Like any business, we use service providers to support the operation our website, such as website hosting (Amazon Web Services), enquiry functionality (Perficient Inc) and website user feedback collection (IPSOS). Some of these service providers will process your data as part of the services they offer to us. We take steps to ensure that our service providers treat your data in accordance with the law, only use it in accordance with our contract with them and keep it secure.
Your personal data may be shared across the Finning Group of companies – for example your personal data may be processed by a Finning Group company situated in the country from which you are accessing our website or the country in which you are purchasing our products and services, if different. SITECH may store and process your personal data in Canada, Argentina, Bolivia, Chile and Republic of Ireland being the countries where Finning operates.

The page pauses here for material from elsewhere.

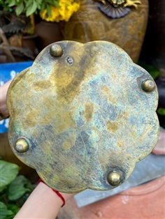 ใบใหญ่ หนา ขนาดกว้างสูง 8x7นิ้ว (น้ำหนักราว35บ. มากกว่า 500กรัม.) ตอกโค๊ตใต้ถัง สภาพสวยสมบูรณ์ โดยภายในบรรจุกาน้ำชาและผ้ารองเก็บความร้อน สไตล์จีนเก่า
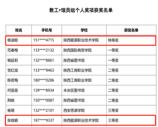 在此次竞赛活动中,全省99所高校2万余名教师和学生读者参赛,经过激烈角逐,我院青年教师杨淑妮获“教工+馆员组”特等奖,张晗颖获“教工+馆员组”三等奖。

Each Finning Group company storing or processing your personal data strives to implement appropriate technical and organisational measures in order to protect your personal data against accidental or unlawful destruction, accidental loss or alteration, unauthorised disclosure or access and any other unlawful forms of processing.
Transfers of your information out of the EEA
We may transfer your personal data to Canada, Chile, Argentina, Bolivia and USA, all of which are located outside the European Economic Area:
• in the case of Canada we may transfer information to our affiliates in that country for the purposes of fixing website issues.
• in the case of Canada and USA we may transfer information to certain of our IT service providers who provide their services to us from those countries.
• in the case of Canada, Argentina, Bolivia and Chile we may transfer information to our affiliate companies in the Finning Group which are located there for the purposes of facilitating a coordinated approach to product and service delivery to our global customers.
Any transfer of your data will be carried out in accordance with the Data Protection Laws to safeguard your privacy rights and give you remedies in the unlikely event of a security breach or to any other similar approved mechanisms.
How we keep your data secure
We strive to implement appropriate technical and organisational measures in order to protect your personal data against accidental or unlawful destruction, accidental loss or alteration, unauthorized disclosure or access and any other unlawful forms of processing. We aim to ensure that the level of security and the measures adopted to protect your personal data are appropriate for the risks presented by the nature and use of your personal data. We follow recognised industry practices for protecting our IT environment and physical facilities.